If $\dfrac{1}{x+1}-\dfrac{1}{x^2}\le U(x)\le \dfrac{1}{x+1}+\dfrac{1}{x^2}$ for large $x$, find $\lim_{x\to\infty} U(x)$.
$1$
$\infty$
$0$
$-1$
$\lim_{x\to\infty}\dfrac{1}{x+1}$
Explanation
This problem utilizes the squeeze theorem to find the limit of U(x) as $x \to \infty$. The function is bounded below by $\frac{1}{x+1} - \frac{1}{x^2}$ and above by $\frac{1}{x+1} + \frac{1}{x^2}$ for large $x$. As $x \to \infty$, both bounds approach $0$. Therefore, by the squeeze theorem, U(x) must also approach $0$. A tempting distractor is A, $1$, perhaps if one ignores the added terms and focuses only on $\frac{1}{x+1}$. A transferable squeeze recognition strategy is to identify bounds that both converge to the same value, forcing the sandwiched term to do the same.
Given $-\dfrac{(x+2)^3}{10}\le H(x)\le \dfrac{(x+2)^3}{10}$ near $x=-2$, find $\lim_{x\to -2} H(x)$.
$0$
$-2$
Does not exist
$-\dfrac{1}{10}$
$\dfrac{1}{10}$
Explanation
This problem requires the squeeze theorem to determine the limit of H(x) as x approaches -2. The function H(x) is bounded below by $-(x+2)^3$/10 and above by $(x+2)^3$/10, both approaching 0 as x approaches -2. Since $lim_{x→-2}$ $-(x+2)^3$/10 = 0 and $lim_{x→-2}$ $(x+2)^3$/10 = 0, the squeeze theorem implies $lim_{x→-2}$ H(x) = 0. The cubic terms vanish at the point.

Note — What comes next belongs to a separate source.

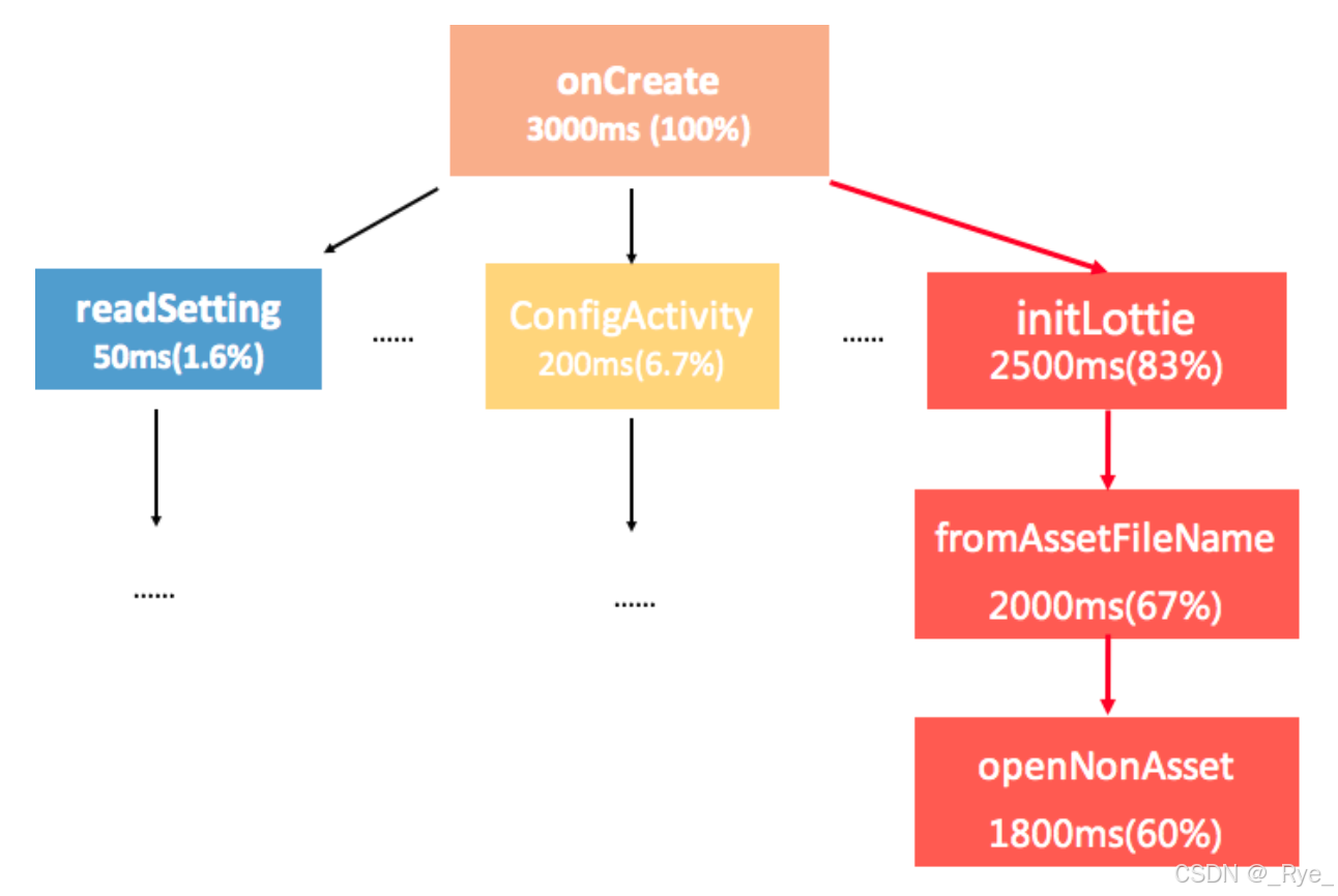 从图上看,Activity 的 onCreate 函数耗时达到 3 秒,而其中 Lottie 动画中openNonAsset函数耗时竟然将近 2 秒。尽管是读取一个 30KB 的资源文件,但是它的耗时真的会有那么长吗?

A tempting distractor is choice E, does not exist, perhaps due to the odd power's sign change. A transferable squeeze recognition strategy is to check if higher-odd-power bounds still converge to zero.
If $-\dfrac{|x-1|}{2}\le z(x)\le \dfrac{|x-1|}{2}$ near $x=1$, find $\lim_{x\to 1} z(x)$.
Does not exist
$0$
$-\dfrac{1}{2}$
$\dfrac{1}{2}$
$1$
Explanation
This problem requires the squeeze theorem to determine the limit of z(x) as x approaches 1. The function z(x) is bounded below by -|x-1|/2 and above by |x-1|/2, both approaching 0 as x approaches 1. Since $lim_{x→1}$ -|x-1|/2 = 0 and $lim_{x→1}$ |x-1|/2 = 0, the squeeze theorem guarantees $lim_{x→1}$ z(x) = 0. The absolute value creates linear convergence to zero. A tempting distractor is choice E, does not exist, maybe due to the absolute value's kink. A transferable squeeze recognition strategy is to employ absolute value bounds for limits at non-zero points.
Suppose $-\sqrt{|x|}\le T(x)\le \sqrt{|x|}$ near $0$; find $\lim_{x\to 0} T(x)$.
$\lim_{x\to 0}\sqrt{|x|}$
$1$
$-1$
Does not exist
$0$
Explanation
This problem utilizes the squeeze theorem to find the limit of T(x) as x approaches 0. The function is bounded below by -√|x| and above by √|x| near 0. As x approaches 0, both -√|x| and √|x| approach 0. Therefore, by the squeeze theorem, T(x) must also approach 0. A tempting distractor is E, 'Does not exist,' perhaps if one thinks the absolute value causes oscillation, but the bounds converge. A transferable squeeze recognition strategy is to identify bounds that both converge to the same value, forcing the sandwiched term to do the same.